子受見狀,也從自己慣用的位置取下一把長劍。
這把劍與他日常練習所用幾乎一樣,重量、長度、重心都早已熟悉無比。
他走到場地中央,與王晨相對而立,距離三丈左右。
周圍的侍從和子受的親兵們都屏息凝神,悄悄退到場地邊緣,既期待又緊張地觀望著這場突如其來的高水平較量。連空氣似乎都變得凝滯起來。
陽光將二人的影子拉得細長,微風拂過,帶來一絲清涼,卻吹不散場中逐漸升騰的無形戰意。
王晨單手持劍,劍尖斜指地麵,姿態看似隨意,卻渾身上下無一處不是恰到好處,毫無破綻可尋。
他目光平和地看著子受,語氣沉穩地說道:“子受,不必顧忌,拿出你的真本事,讓老夫看看你的新招。出招吧。”
那眼神平靜,卻深邃如海,裡麵既有長者的寬和,更有頂尖武者對同道的期待與挑戰。
子受深吸一口氣,知道此刻任何謙遜都是多餘的。
他收斂心神,將雜念儘數排出腦海,眼中隻剩下對麵的太上皇以及自己手中的劍。
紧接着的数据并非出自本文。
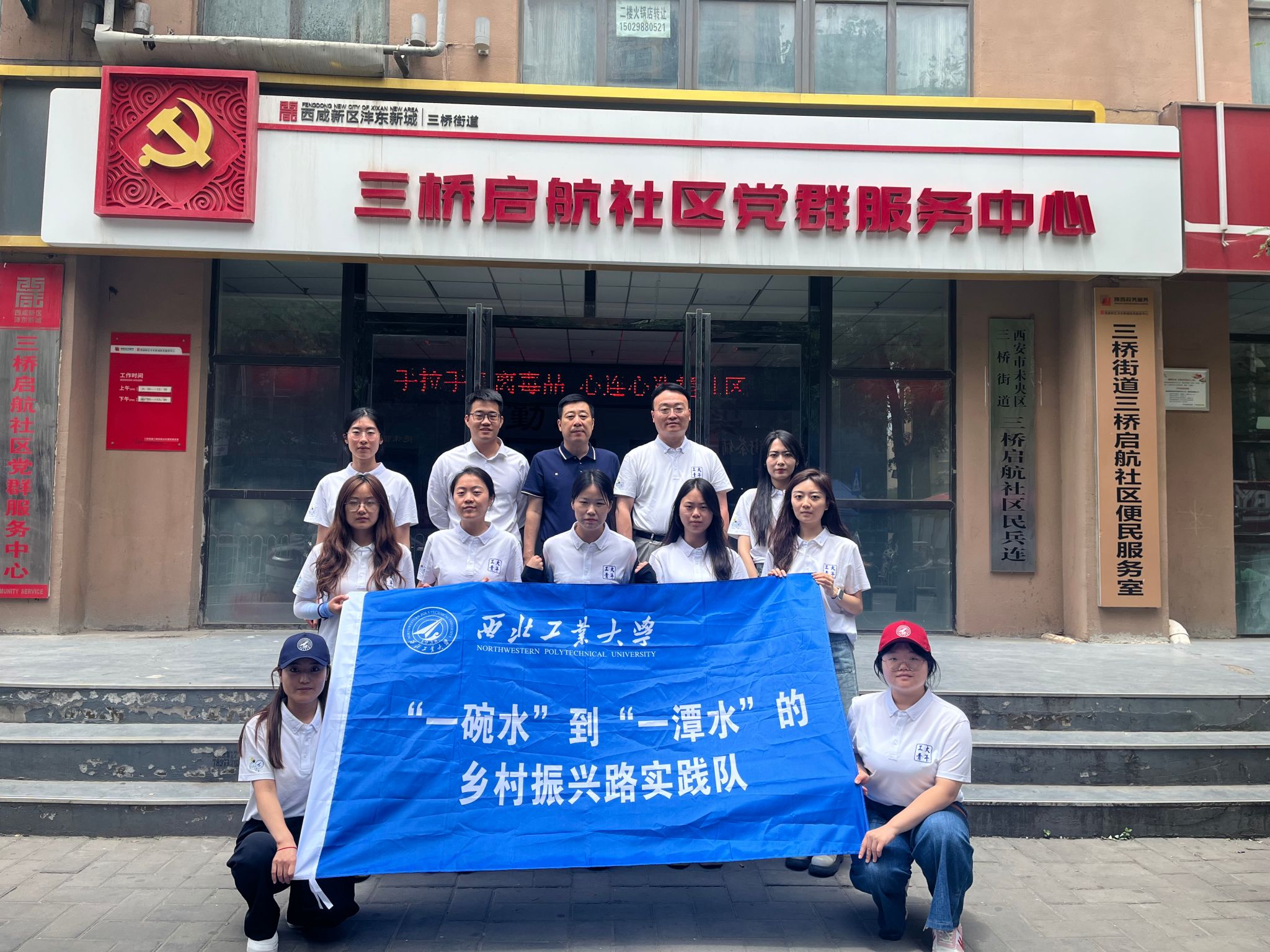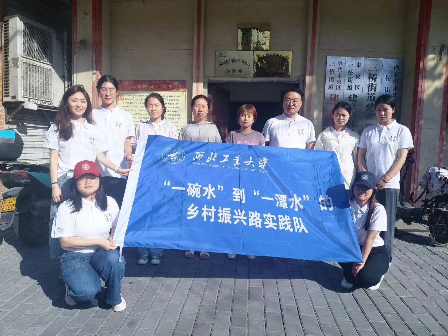 为积极响应乡村振兴战略,深入学习新型农村集体经济发展经验, 2023年7月6日,西北工业大学马克思主义学院“‘一碗水’到‘一潭水’的乡村振兴路”实践队在房小捷老师的带领下前往西安市未央区三桥街道,调研走访了三桥启航社区和建章路社区。
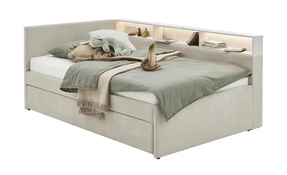 - Ausstattung / FunktionBettschubkastenausziehbarEingebauter USB-AnschlussBeleuchtung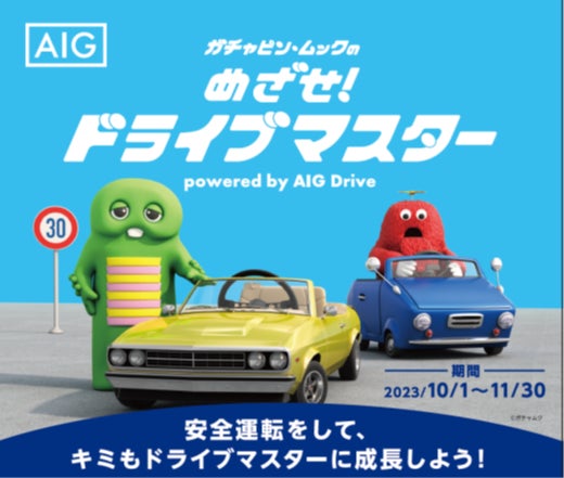 【東京、2023年9月20日】AIG損害保険株式会社(以下、AIG損保)は、安全運転診断アプリ「AIG Drive」を活用しドライバーの安全運転をサポートするため、2023年10月1日から11月30日に安全運転キャンペーン”ガチャピン・ムックの「めざせ!ドライブマスター」“を実施します。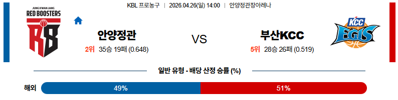 04월26일 안양정관장:부산KCC KBL 분석 및 예측 스포츠중계:스포츠무료중계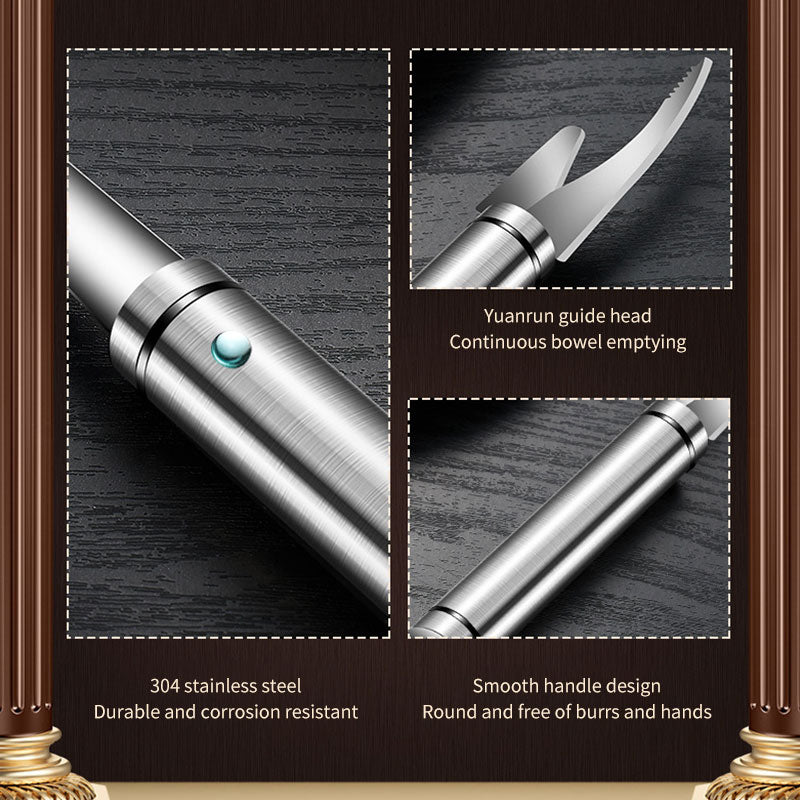 Easy-to-use, ergonomic handles for maximum comfort, riveted connection for more flexible rotation. Simply peel, gut and cut – all in one smooth motion – without a knife!

他微微頷首,沉聲道:“末將僭越了,請太上皇指教!”
話音未落,子受身形驟然發動!
他並未直接前衝,而是腳踩奇異步法,身形如鬼魅般左右閃爍了幾下,擾人視線,隨即猛地加速,真身如離弦之箭般射向王晨!
同時,他手中長劍一振,劃出一道淩厲而優美的弧線,劍尖顫動,似有數點寒星同時綻放,直指王晨胸前膻中、巨闕等幾處大穴!
這一劍,速度快,角度刁,更帶著一股沙場悍將一往無前的淩厲氣勢,劍風呼嘯,竟隱隱帶著風雷之聲!
正是他新創劍招中的起手式——“流星逐月”!
麵對這迅若閃電的一擊,王晨眼中讚賞之色一閃而過。
他不退反進,腳下微微一錯,身形如風中楊柳般輕輕一側,間不容發地讓過了劍鋒的最強點。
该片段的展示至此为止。